聖書について86
86 同じ事柄のような繰り返しが、善と真理の結婚ために、みことばの中にあることは、「国民(国)と人民(民)」が言われている箇所から明らかに見ることができます。
例えば、これらの中に――
わざわいだ、罪を犯す国、不法の重い民(イザヤ1・4)。
暗やみの中を歩いている民は大きな光を見た……あなたは国民を増やされた(イザヤ9・2, 3)。
アッシリヤ、わたしの怒りの杖。……わたしはこれを偽善の国民に送る、わたしの激しい憤りの民に対してわたしはそれを与える(イザヤ10・5, 6)。
その日に生じる。エッサイの根は、民の旗として立ち……国民は求める(イザヤ11・10)。
エホバは「民を……癒されることのできない災害で打ち、怒りとともに国民を支配される(イザヤ14・6)。
その日に、万軍の主に贈り物が、散らされたまた剃髪にされた民、……測られて、踏みにじられた国民からもたらされる(イザヤ18・7)。
力強い民はあなたを尊ぶ、力のある国民の都はあなたを恐れる(イザヤ25・3)。
エホバは「……すべての民の上の包みを……すべての国民の上のおおいを、のみ込まれる」(イザヤ25・7)。
国民よ、近づけ……民よ、聞け(イザヤ34・1)。
わたしはあなたを呼んだ……民を契約の中に、国民を光の中に(イザヤ42・6)。
すべての国民は一つに集められ、民は集まる(イザヤ43・9)。
見よ、わたしは国民に向かってわたしの手を、民に向けて……わたしの旗を上げる(イザヤ49・22)。
わたしはその方を証人として民に、指導者と立法者として国民に与えた(イザヤ55・4, 5)。
見よ、民が北の地から来る。大きな国民が……地の果てから(エレミヤ6・22)。
わたしはあなたに国民の中傷をもはや聞かせない、民のそしりをもはやあなたは受けない(エゼキエル36・15)。
すべての民と国民がその方を礼拝する(ダニエル7・14)。
国民について物笑いにしないように、民の中で「彼らの神はどこに?」と言わないように(ヨエル2・17)。
わたしの民の残りの者がそれらを略奪する、わたしの国民の残余が彼らを相続する(ゼパニヤ2・9)。
多くの民がやって来る、多数の国民がエルサレムで万軍のエホバを求めるために(ゼカリヤ8・22)。

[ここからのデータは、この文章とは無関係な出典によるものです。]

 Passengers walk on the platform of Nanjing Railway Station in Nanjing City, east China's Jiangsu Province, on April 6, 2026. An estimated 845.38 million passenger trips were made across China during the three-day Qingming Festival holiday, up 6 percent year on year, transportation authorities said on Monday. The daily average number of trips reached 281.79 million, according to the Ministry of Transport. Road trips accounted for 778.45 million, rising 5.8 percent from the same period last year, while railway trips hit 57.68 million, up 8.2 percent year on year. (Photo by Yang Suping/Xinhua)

私の目はあなたの救いを見ます、それはすべての民の顔の前に備えられたもの、国民(異邦人)の啓示の光です(ルカ2・30―32)。
あなたは……私たちをあなたの血で、すべての……民族と国民から、あがなわれた(黙示録5・9)。
あなたは再び民族と国民について預言しなければならない(黙示録10・11)。
あなたは私を国民の頭に置く。私の知らない民が私に仕える(詩篇18・43)。
エホバは国民の計画をむだに戻し、民の考えをひっくり返される(詩篇33・10)。
あなたは私たちを国民の中で物笑いに、民の間で頭の揺れ動く者にされる(詩篇44・14)。
エホバは「民を私たちの下に、国民を私たちの足の下に従わせられる。……エホバは国民の上に支配された。……民の有志たちは集められた」(詩篇47・3, 8, 9)。

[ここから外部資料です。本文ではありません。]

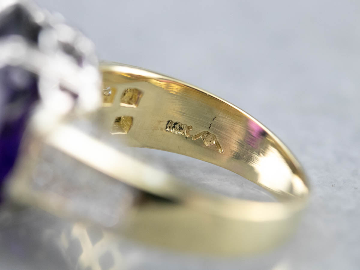 This stunning amethyst cocktail ring has a deep purple amethyst in the center, that really flashes and flickers with vibrant violet reflections! Two rows of square-cut diamonds add sparkle, while round-cut diamonds line the shank of the yellow gold band. Set into a lovely mounting with structurally designed shoulders and a fleur de lis platinum head, this bold statement ring is a beautiful addition to anyone’s collection!

あなたを民は称賛する。国民は喜び、歓呼する。あなたが民を正直にさばき、国民を地で導かれることから(詩篇67・3, 4)。
私を覚えてください、エホバ、あなたの民をお気に入りとして。……私があなたの国民の楽しさとして喜ぶように(詩篇106・4, 5)。 (その他の箇所に)。
国民とまた同時に人民が言われているのは、「国民」によって善の中にいる者が、また正反対の意味で悪の中にいる者が意味されるからです。また「人民」によって真理の中にいる者が、また正反対の意味で虚偽の中にいる者が意味されるからです――それゆえ、主の霊的な王国の中にいる者は人民と呼ばれ、主の天的な王国の中にいる者は国民と呼ばれます。なぜなら、霊的な王国の中にいるすべての者は真理の中に、またここから知恵の中にいます、けれども、天的な王国の中にいるすべての者は善の中に、またここから愛の中にいるからです。